Hey everyone, it’s Louise, welcome to my recipe page. Today, I will show you a way to make a distinctive dish, thai curry carrot coconut soup. It is one of my favorites. For mine, I am going to make it a bit tasty. This will be really delicious.
Thai Curry Carrot Coconut Soup is one of the most popular of recent trending meals in the world. It’s simple, it is quick, it tastes yummy. It’s appreciated by millions daily. They are nice and they look fantastic. Thai Curry Carrot Coconut Soup is something that I’ve loved my whole life.

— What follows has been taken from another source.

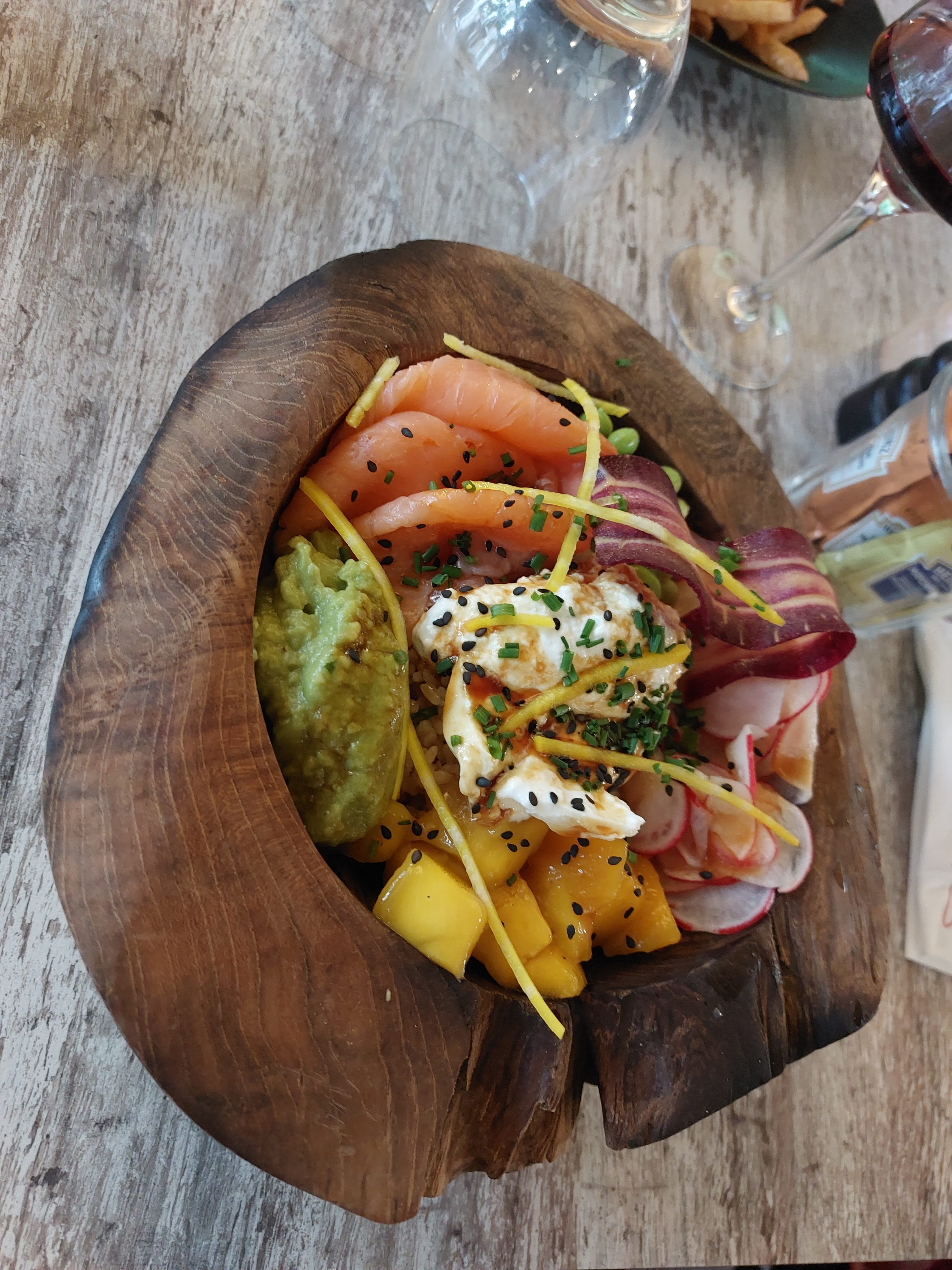 Accueil et paiement en caisse déplorable. Loin d’une sympathie qu’on apprécierait surtout après avoir payé un bowl à 20€ qu’il n’en vaut pas la peine. La serveuse très sympa mais alors le cadre a pris cher… dommage que cette fabuleuse terrasse se soit transformée en cantine.

You only need a few ingredients to make this light and satisfying Thai Coconut Curry Carrot Soup. It's a creamy, a little sweet, a little spicy, and a lot of delicious. Enjoy this mildly spicy soup with a toasted mango-chutney-and-cheese sandwich, or thin the soup with more water or broth and use it as the base for a curry with chunks of firm white fish and broccoli.
To get started with this recipe, we have to prepare a few components. You can have thai curry carrot coconut soup using 12 ingredients and 8 steps. Here is how you cook it.

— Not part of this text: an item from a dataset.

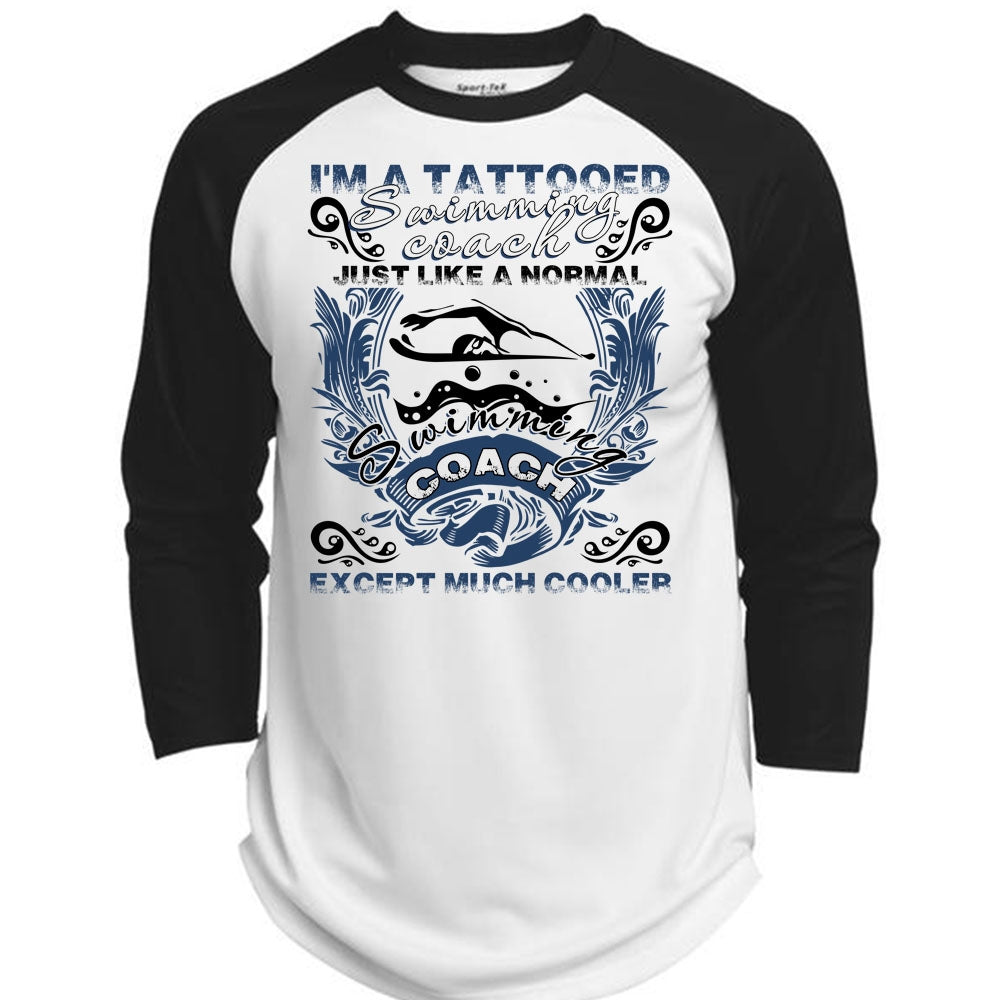 I'm A Tattooed Swimming Coach T Shirt, I Love Swimming T Shirt, Awesome T-Shirts (Polyester Game Baseball Jersey)

The ingredients needed to make Thai Curry Carrot Coconut Soup:
- Take 3 ounces oil
- Take 1 each Vidalia onion-small dice
- Get 5 cloves garlic- chopped fine
- Make ready 2 tablespoons ginger- chopped fine
- Prepare 3 pounds small carrots- small dice (chopping up small in a food processor works well)
- Make ready 2 ounces flour
- Make ready 1 1/2 quarts chicken stock
- Get 1 can (14 ounces) coconut milk
- Prepare 1-2 tablespoon Thai Red Curry Paste (Warning some are spicier than others:)
- Prepare 3-4 tablespoons brown sugar
- Take to taste salt
- Take (this needs salt, sweet and spice so each varies to taste)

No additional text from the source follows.